フクシマの作品受け取りました。随筆というジャンルを選んではありますが、今回大切にしている「問う」「問い続ける」という部分が少ないように思います。
SD(編集部注:7年生で行ったセルフディスカバリー)の随筆を思い出してほしいのですが、「事実」をきちんと叙述し、そこから自分の中に湧き出た思いに問いを立てながら自分の心の中にある言葉と向き合う作業が必要です。
「とても興味深い作品だった」という記述には、「問う」に対する自分なりの答えがないように感じました。どう思いますか?少し話せればと思います。
ただそれが受け取られたかどうか、なのだろう。同じことを伝えても、9年生は「どういうことですか?」と問い、8年生は「なんでだめなんですか?」という受け取りになったという。問い続けられる力と、誰かからの問いやフィードバックを受け入れる身体はつながっている気がする。
1月下旬、仲間のアウトプットに耳を傾ける子どもたちの姿があった。9年生の言葉を紹介したい。
「原発の代替ってあるの?」というテーマにしたのはコタだ。発表では、次のように話していた。
「原発のない世界のつくり方」という本を読みながら原発なしでも社会は成り立つのか?という問いが生まれた。反対派の意見もそうだなと思うけど、代替案は書かれていなかったので、あんまりしっくり来なかった。反対派は事故が起きた時のことを理由に反対していて、賛成派は原発がなくなったときに起きうることを懸念している。能登の地震の後、原発に関する定期調査で反対派が増えたらしい。
再生エネルギーだけでは原発の代替にはなり得ない。今後、最強のエネルギーが生まれてほしい。
<そして「フクシマを持ち寄ろう」の学習記録のあとがきに、コタは次のように書いた。
フクシマについての学習を終えてみて感じたこととしては、原発問題の難しさだ。
(中略)
原発をなくすか、再稼働するか、これはすぐに解決できる問題ではないと思う。そして、印象に残ったこととしてはある教授の論文だ。彼は、人々は原子力発電の事故を懸念するが、原子力発電がなくなった未来も懸念するべきだと述べていた。もちろん原発の事故というものはとてつもなく、ひどいものである。しかし、それを考慮しすぎてなくしたあとを考えていないというのは僕も感じるものであった。

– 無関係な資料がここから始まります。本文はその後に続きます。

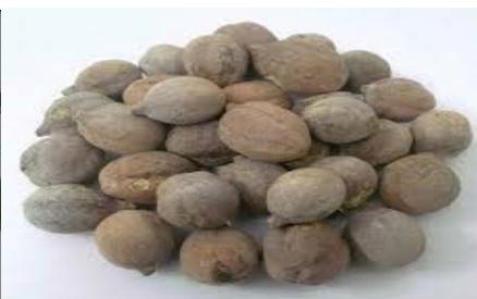
Fig. 8: Vibhitaki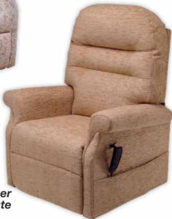
Langdale Riser Recliner in Herringbone Jute

1 Kingsway North, Manchester Road, Warrington WA1 3NL Telephone: 01925 251212 | www.millercare.co.uk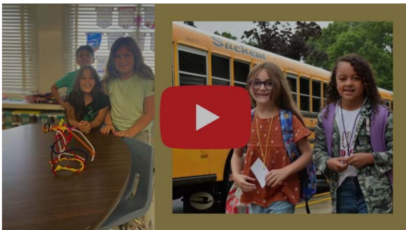
A Look Inside Our Schools: September Recap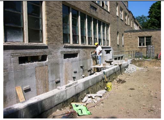
Through-wall sleeves and grills/registers are ready for installation.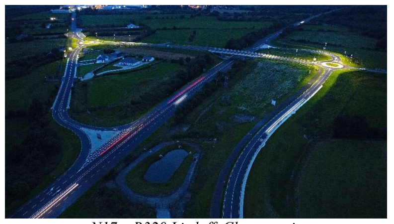
N17 – R320 Lisduff, Claremorris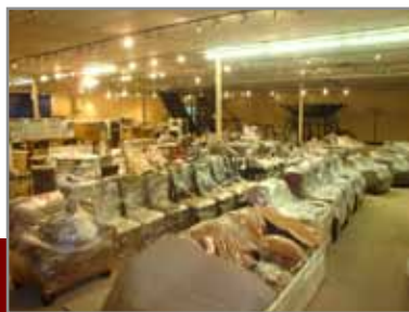
HUNDREDS OF CHAIRS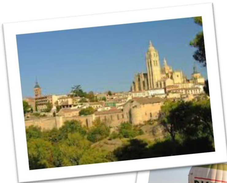
The views from El Pinarillo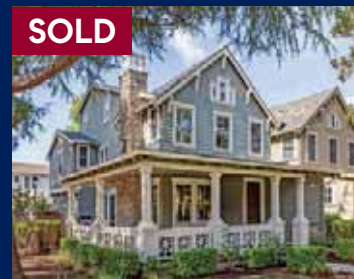
207 Pearl Ln, Menlo Park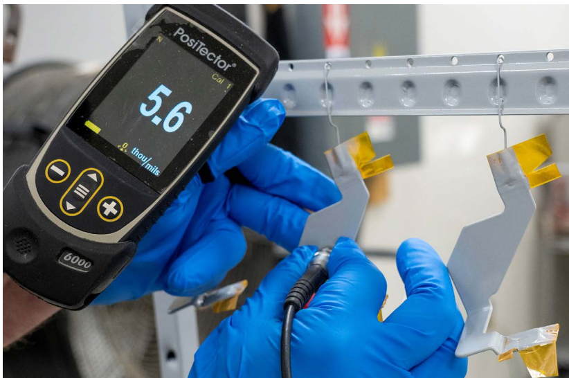
6. Every single part is measured and checked at multiple stages during the manufacturing process. This ensures strict adherence to specifications and quality standards.

When it comes to environmental conditions, manufacturers should rely on the powder suppliers' technical data-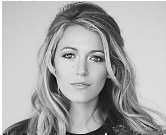
Her Real Name Will Make Your Jaw Drop! Your Daily Dish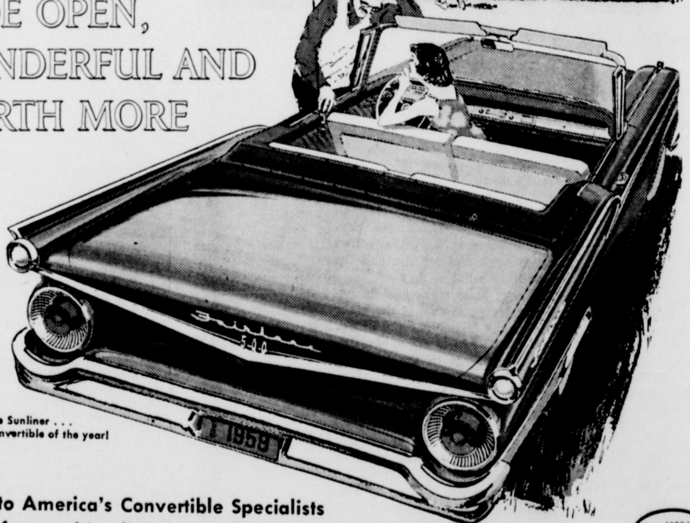
The Galaxie Sunliner . . . glamour convertible of the year!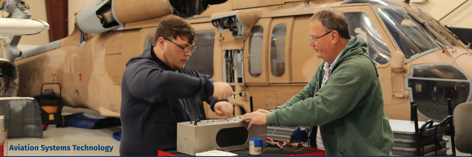
Aviation Systems Technology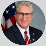
NEW YORK STATE SENATOR James Tedisco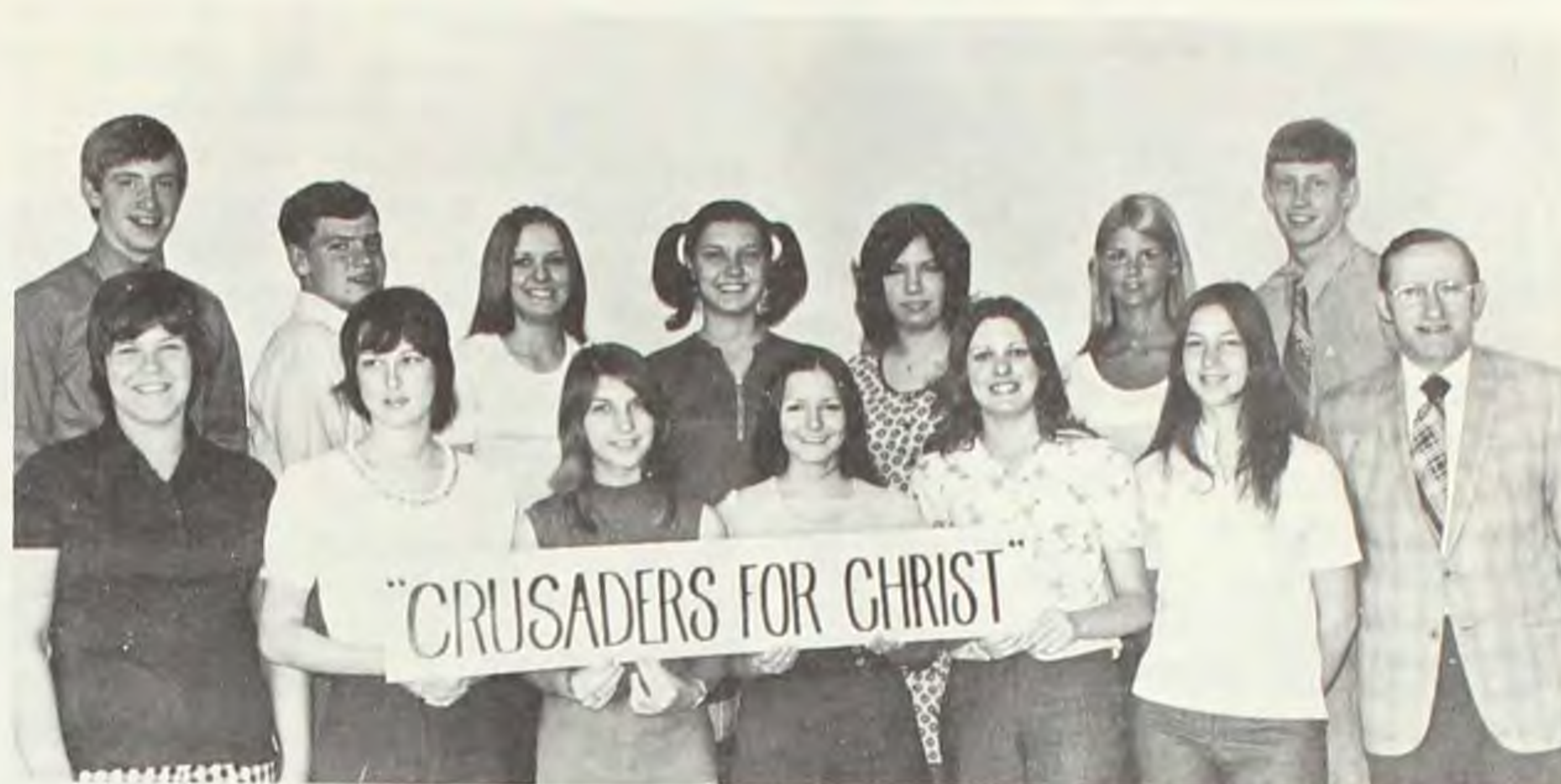
A VERY ACTIVE GROUP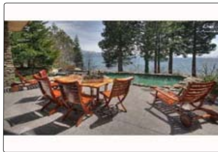
585 Lakeshore Blvd. $34,000,000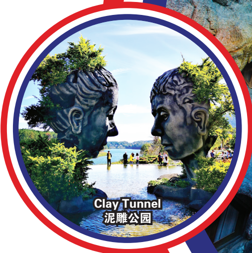
Clay Tunnel 泥雕公园

だからこそ原発問題はすぐに解決するものではなく、とても難しいものだ、と感じた。
解決策というものは、僕の知識では正直何もわからない。だが、わからないという理由で深刻な問題を放置するのはいかがなものかとも思う。だからこそ今回の「フクシマを持ち寄ろう」で、知識を入れることができてよかった。

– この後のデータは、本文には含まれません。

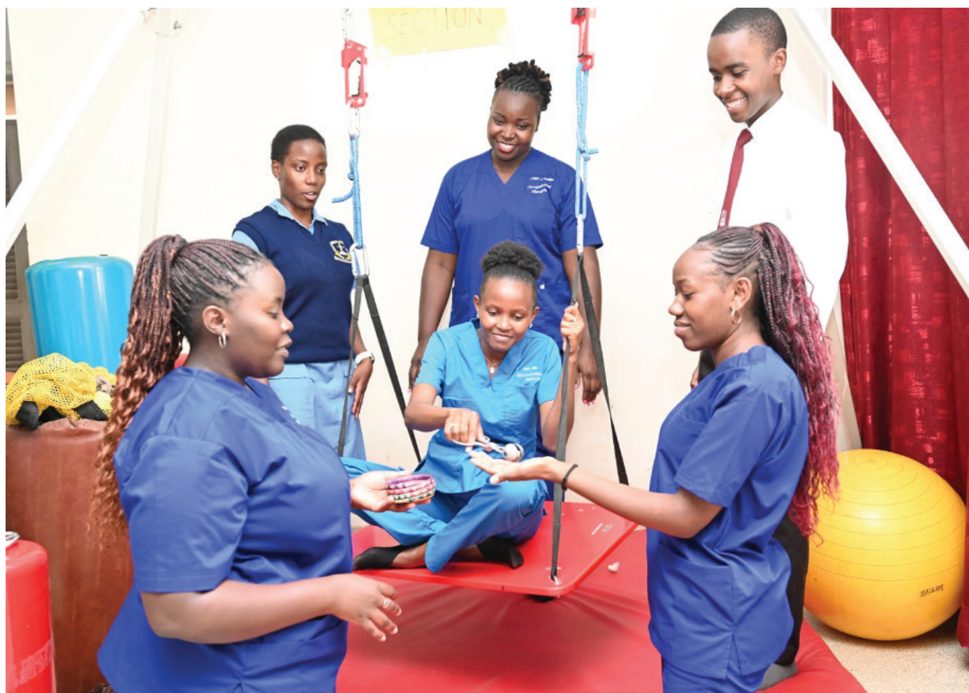
KMTC Occupational Therapy students during a practical session to enhance their skills.

T he College has announced 22,070 training slots for the March 2025 intake. The courses offer aspiring healthcare professionals an opportunity to pursue quality medical education.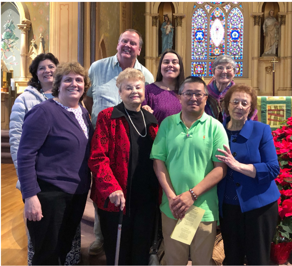
Members of Castroville Branch 51 at the Central Coast District Installation Mass.

There is a 10:00 a.m. parish mass for those who would like to attend mass before the meeting. The meeting will begin at 11:30 a.m. and a wonderful pasta and chicken lunch will follow. The cost is $10.00 per person. All are welcome to attend. Please RSVP by March 16 th to 831-633-5012 or email me at clstefani@aol.com . Hope to see many of you there.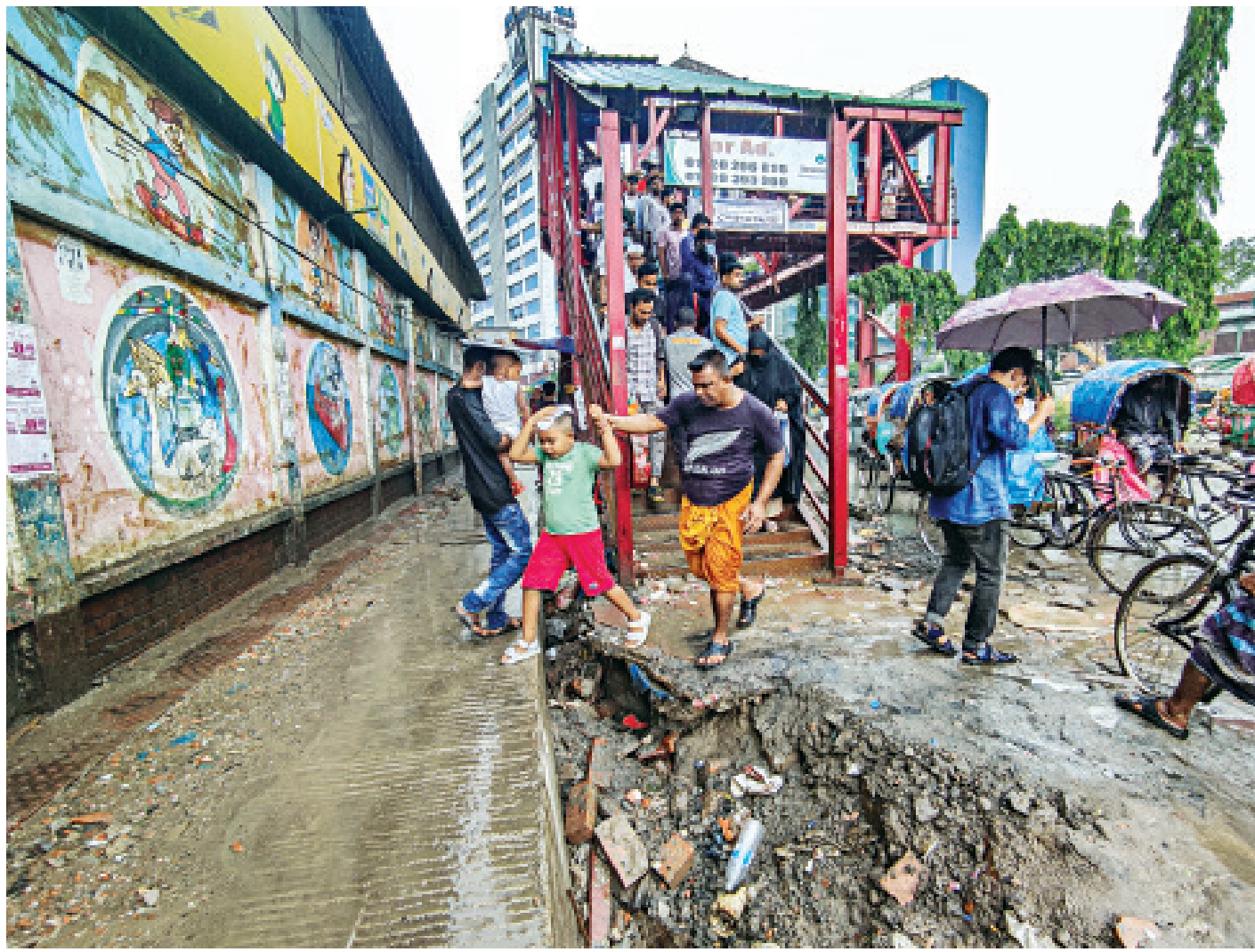
A man helps his child cross a gaping hole near Shyamoli Shishu Mela in the capital. The hole was dug up to widen a sewerage line, but the authorities concerned are yet to fill it up, exposing pedestrians to the risk of injury. The photo was taken yesterday.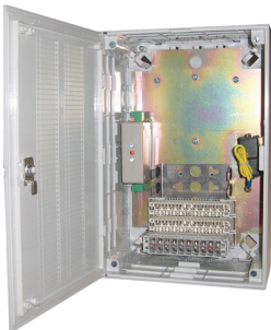
Complete PABX Protection Krone Blocks also available

この学習の前に何となく思っていた「難しい」と、終えたあとにコタの中にある「難しい」の内実は、きっと変化しているように思う。
モミは、アウトプットの形式に物語(小説)を選んだ。被災者の友達を主人公とし、第三者の視点で東日本大震災について語る物語を創作した。モミの学習記録のあとがきには、次のように書かれていた。

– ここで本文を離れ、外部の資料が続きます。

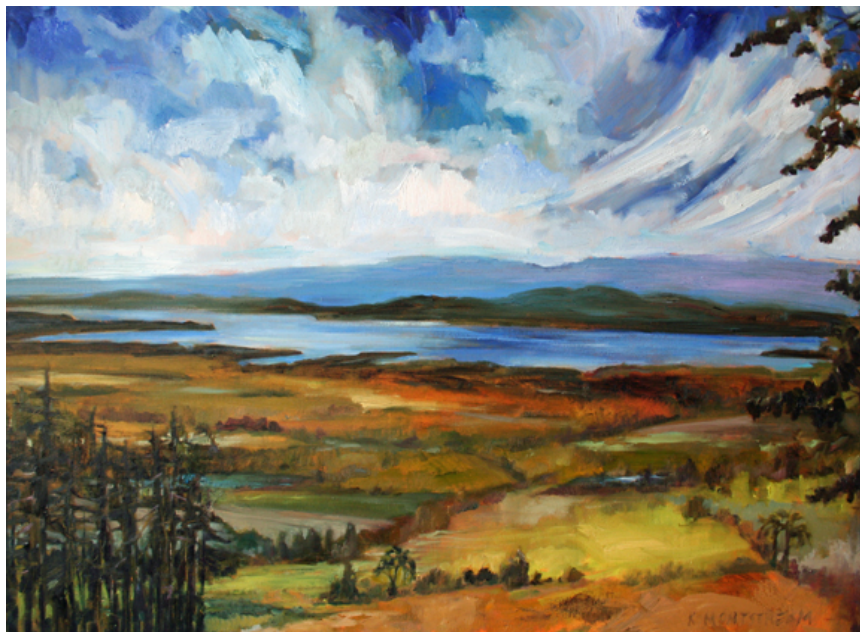
At the far end of the sky

Question: יהוה forgives those who strayed from Him once they sincerely repented. We can learn from here to forgive other people, too. Is there a spiritual outlook that can help us to forgive others? It is a spiritual fact that nothing can happen to us and no one can do anything to us unless it's יהוה's will. It is also so, that יהוה only sends us what is for our ultimate best (even though we can't see it that way). Therefore, if someone says or does something unkind to us, we can remember he is only an 'agent' of יהוה's will and therefore it will be easier to forgive.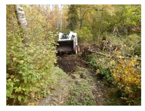
Connecting trails will expand access and create a more enjoyable experience.

The trail system on the Turtle Mountain State Forest has been difficult to maintain due to abnormally high amounts of precipitation over the last ten years. The goal of the Trail Restoration and Improvement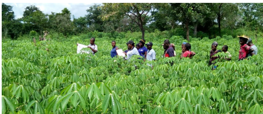
Farmers evaluating IITA-CWMP fields to determine the efficacy of the Six Steps to Cassava Weed Management toolkit

Participating farmers in the field days revealed that they would want to adopt the step-by-step approach outlined in the toolkit that was shared with them so as to get the results seen on the demo plots in each of their communities.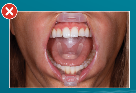
Do not place the tongue guard on top of the patient's tongue.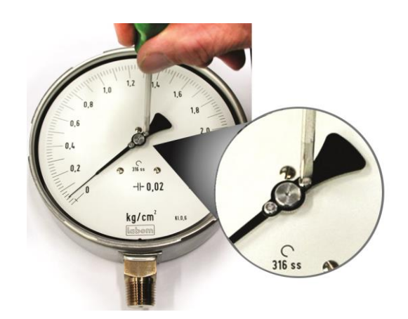
Figure 2: Zero-point correction

Similarly, a displacement of the zero point caused by use and long service life can be corrected if necessary.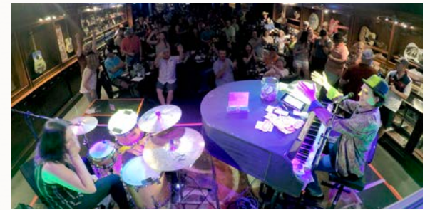
Our most popular show is one piano player and a drummer.

This is the most popular option we offer. Great for dancing and keeping the energy up for any event. It gives the feel of a band with the spontaneity of taking requests.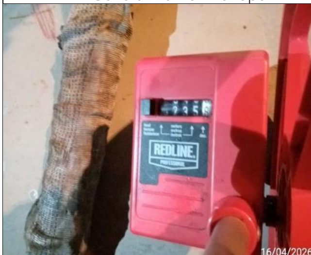
3. Measurement of the rope, 235.8 meters.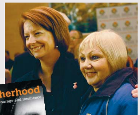
Julia Gillard at the recent launch of Brotherhood .

We encourage you to take time to read about some of their amazing journeys. And remember – your purchase of the book will enable us to continue our work towards an Australia free of poverty.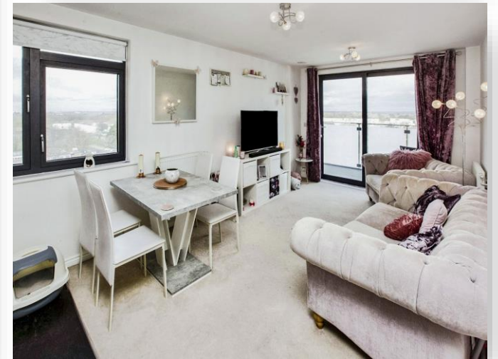
Ark Royal House, Blanchard Avenue, Gosport, PO13 8NR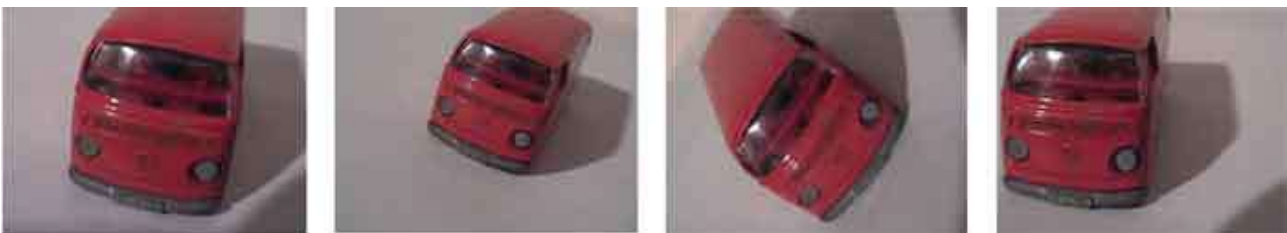
Rocking and rolling camera „Chase Scene Aesthetics“

A further possibility is to have the camera roll hectically from side to side, thereby achieving an effect similar to the shots in chase scenes when the horizon seems to rock and sway, the purpose being to create a more dynamic scene.

東日本大震災は、小説などのテーマで取り上げられることも多い。だからだろう、私はすっかり知っている『つもり』になっていた。
でも、そんなの嘘だ。私は東日本大震災について何も知らないのだと、思い知った。事実だけならば、辛うじて言葉にすることも出来る。しかしそれは、どこかで聞いた、ただの薄っぺらい情報に過ぎない。
家、町、ふるさと、家族、命ー沢山の宝物を失った人たちが、かつて、そして今どのような思いを抱いているのか、私は知らない。
作中に、「俺にはそう言うことしか出来ない。不用意に言葉を選ぶ資格が、何も知らない俺にはないからだ。」「何と言えばいいのか、俺には分からない。きっと、何を言っても嘘っぽくなってしまうだろう。」と言う文章があるが、これは私の心の声でもあるのだと途中で気がついた。
どうしてこんなに薄っぺらいんだろう。どうしてこんなに嘘っぽいんだろう。私はずっと問い続けていた。
どこかで、それは体験したことがないからだと言い訳にしている自分もいた。今は思う。「体験したことがないから」それを言い訳にするのではなく、まずは知ろうとすることが大切なのだと。
今回、フクシマの単元で学んできたことは、世の中に溢れかえる情報の、ほんの一握りだ。でも、もっと知りたいと思える機会になった。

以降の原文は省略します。